Anyone who knows anything about the Jeremy Thorpe Affair can instantly reel off the name of the gunman who shot Norman Scott’s Great Dane Rinka: Andrew “Gino” Newton. Similarly, Thorpe nuts — an erudite if excitable bunch — are unlikely to be troubled by Newton’s all-too-apt nickname: Chickenbrain. But what’s less well known is that before Newton embarked on his ill-starred trip to Dunstable to shoot Norman Scott (who actually lived in Barnstable), another would-be hitman was offered the job.
This was a dealer in antique firearms called Dennis Meighan who claims to have been approached by a man describing himself as “a representative of Jeremy Thorpe”. Would Meighan consider “silencing” Scott for the good of the Liberal Party, and a £13,500 fee? Meighan was sufficiently interested to drive down to Devon to have a look at Scott before getting cold feet and heading back.
Later on, he had a sudden, if inexplicable, attack of conscience and confessed to the police. A few days later, Meighan was asked to come into a West London police station to sign his statement. But once there, he was surprised to find that all references to Thorpe and the Liberal Party had been mysteriously deleted.
The veteran BBC reporter Tom Mangold, who made the BBC4 documentary The Jeremy Thorpe Scandal, is convinced that the order to “doctor” Meighan’s statement must have come from very high up indeed, possibly from the then Home Secretary. If so, the finger would point at either Robert Carr or Roy Jenkins — Meighan is a bit vague about dates.
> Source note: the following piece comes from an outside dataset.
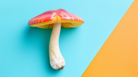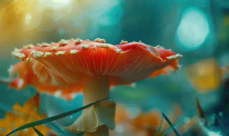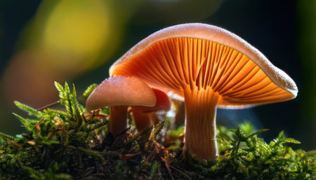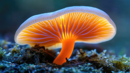 A stunning close-up of a vibrant mushroom showcasing its glowing gills. This colorful fungus highlights the beauty of nature in a serene forest setting, perfect for nature lovers and biology enthusiasts.

I mention this just in case any readers are inclined to dismiss Adam Macqueen’s debut novel as being too far-fetched. With great ingenuity, Macqueen has taken the bone bones of the Thorpe Affair, done some judicious tweaking, and turned them into a first-rate conspiracy thriller. In the Macqueen version, a former rent boy who goes by the name of “Tommy Wildeblood” investigates the murder of another “renter” whose body is found in Hampstead Ponds — Peter Wildeblood, you will doubtless recall, was one of the last men to be imprisoned for homosexuality in England.
It’s an investigation that leads Wildeblood from the public toilets of Soho up to the highest levels of government, taking in Tom Driberg, Cyril Smith and Harold Wilson’s “Spymaster-General” George Wigg along the way — as well as Marcia Falkender and her famous handbag, whose contents, she always claimed, could cause Wilson’s instant ruin.
One of the remarkable things about Macqueen’s book is how little tweaking he has had to do to make his narrative plausible; if anything, his alternative reality often makes more sense than the real thing. In Macqueen’s version, it wasn’t Rinka who was bumped off on that stormy night on Exmoor in October 1975. Instead, it was “poor old Norman” who copped a bullet through the head.
To cling on to power, Wilson desperately needs the support of the Liberals, led of course by Jeremy Thorpe — in reality, it was Ted Heath who toyed with the idea of a coalition, but eventually talks came to nothing.
All this raises an intriguing question: what do you do when you’re prime minister and your coalition partner turns out to be a homicidal maniac? As portrayed here, the answer is simple: you use every means at your disposal to stop his murderous escapades from becoming public knowledge.
Despite only being one year old at the time, Macqueen has caught the spirit of the times perfectly. This is a world where Emmanuelle II (directed by the — once again — all-too-aptly named Just Jaekin), is showing in the cinemas; where the army surplus store Lawrence Corner near Euston is considered to be the height of shabby-chic; and where racists are still known as “racialists”.
But it’s not only the background details that are spot-on. Macqueen has also managed to make sense of one of the great mysteries of twentieth-century British politics: why did Harold Wilson suddenly resign in March 1976? Was it because he realised he was suffering from the early symptoms of dementia (the official version)? Or was it because he knew there was every chance he would end up in jail if he didn’t (Macqueen’s)? And just in case you should be wondering why the right-wing tycoon, James Goldsmith, did his damnedest to get Private Eye closed down back in those dark, demented days, there’s an eminently satisfying explanation to be found here.
Best of all, Macqueen has managed to create a really memorable main character. Like his namesake Peter, Tommy Wildeblood is brave, clever and brimming with moral indignation. But he’s also vulnerable, wanton and willing to do just about anything to keep his head above water.
After I finished writing A Very English Scandal, I took a solemn vow — that I would rather spit-roast my own offspring than read anything else about the Jeremy Thorpe Affair. Seldom have I gone back on my word with more pleasure. As boldly conceived as it is vividly realised, Beneath the Streets is a delight.